DATA FOR THIS TASK ->
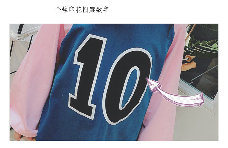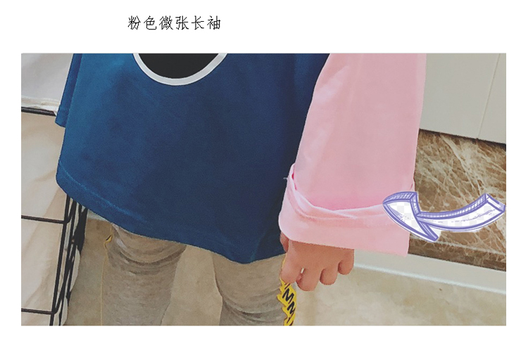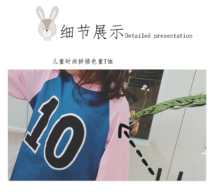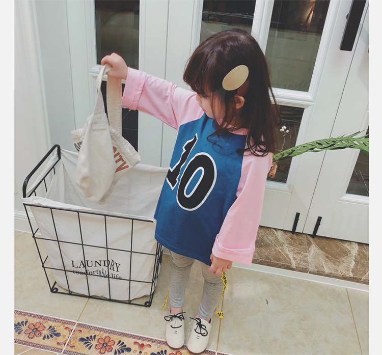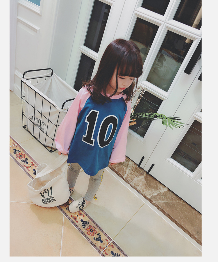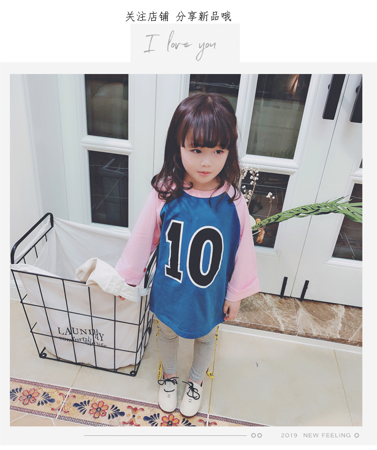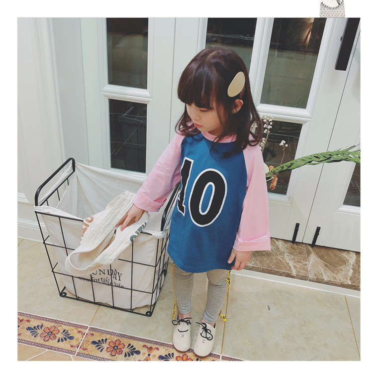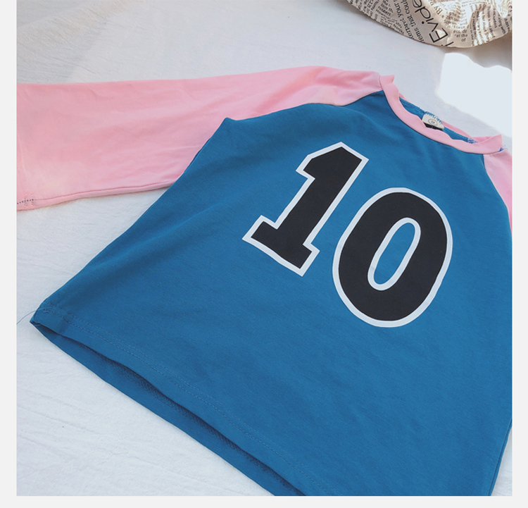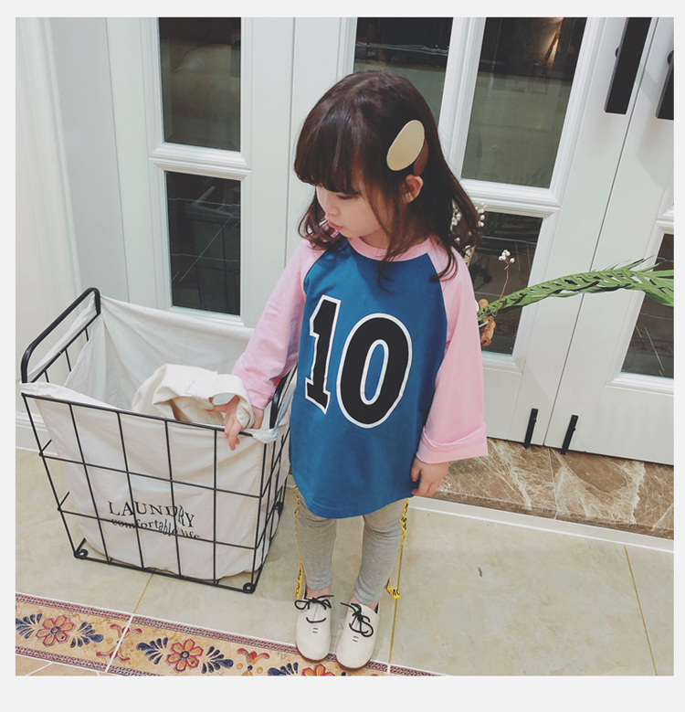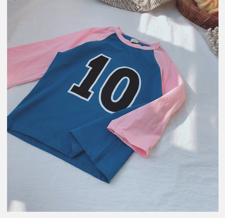 2019童裝春秋新款上衣 中小童長袖百搭寬松可愛撞色數字女寶寶T恤1入
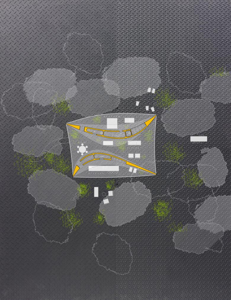 The new scale (the trees scale) and the pressurizing of the curves create a new relationship between nature and architecture.
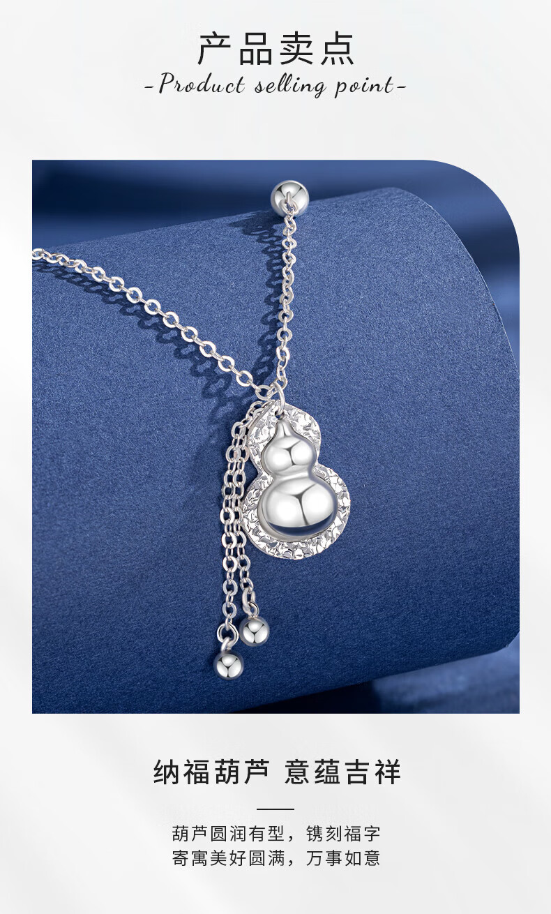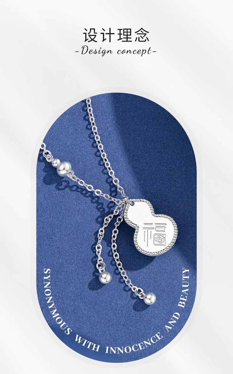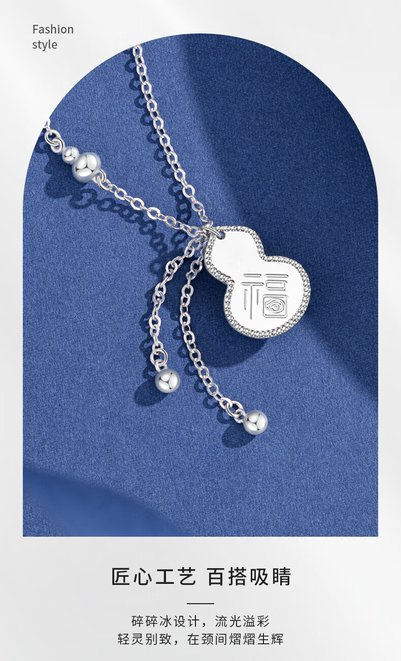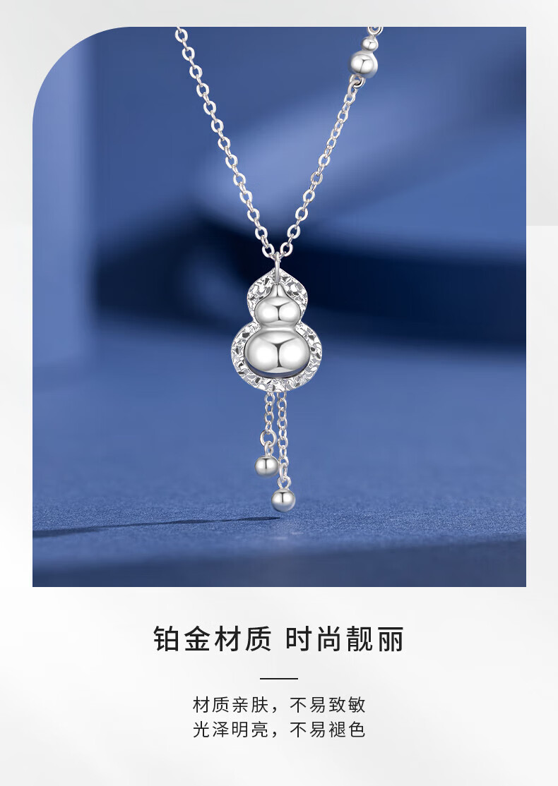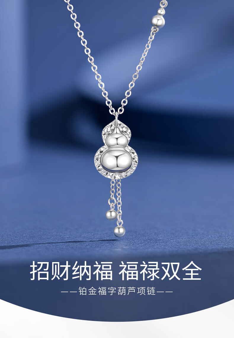 China Gold (CHINA GOLD) platinum necklace pt950 Fu character treasure gourd pendant Fulu set chain birthday Valentine's Day gift for girlfriend and wife about 8.3g
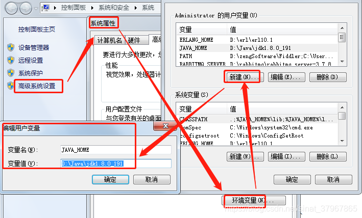 1、新建JAVA_HOME:D:\Java\jdk1.8.0_191(本人jdk目录路径)
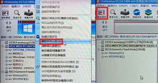 选中机械/固态硬盘 → 右键「删除所有分区」→ 点「保存更改」→ 确认。
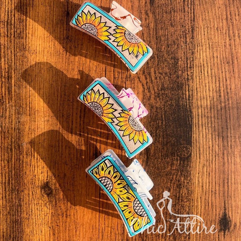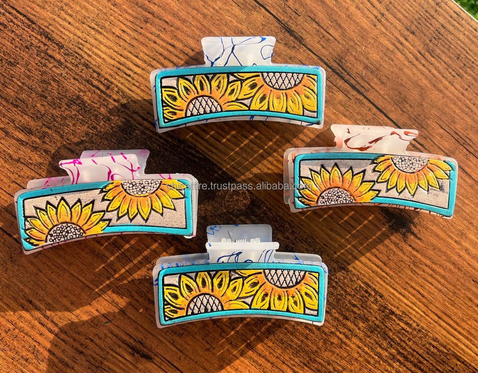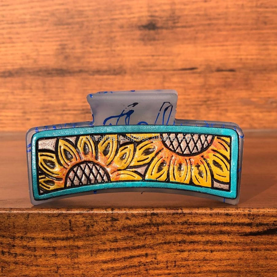 New Arrival Hot Selling Western Stylish Handmade Tooled Engraved Leather Hair Claw Clips Leather Claw Hair Accessories for Women

WORK INSTRUCTION -> Skip the pictures. Restate exactly the lines from the start of the entries through the line containing "The new scale", both ends included.

RESPONSE AREA ->
 2019童裝春秋新款上衣 中小童長袖百搭寬松可愛撞色數字女寶寶T恤1入
 The new scale (the trees scale) and the pressurizing of the curves create a new relationship between nature and architecture.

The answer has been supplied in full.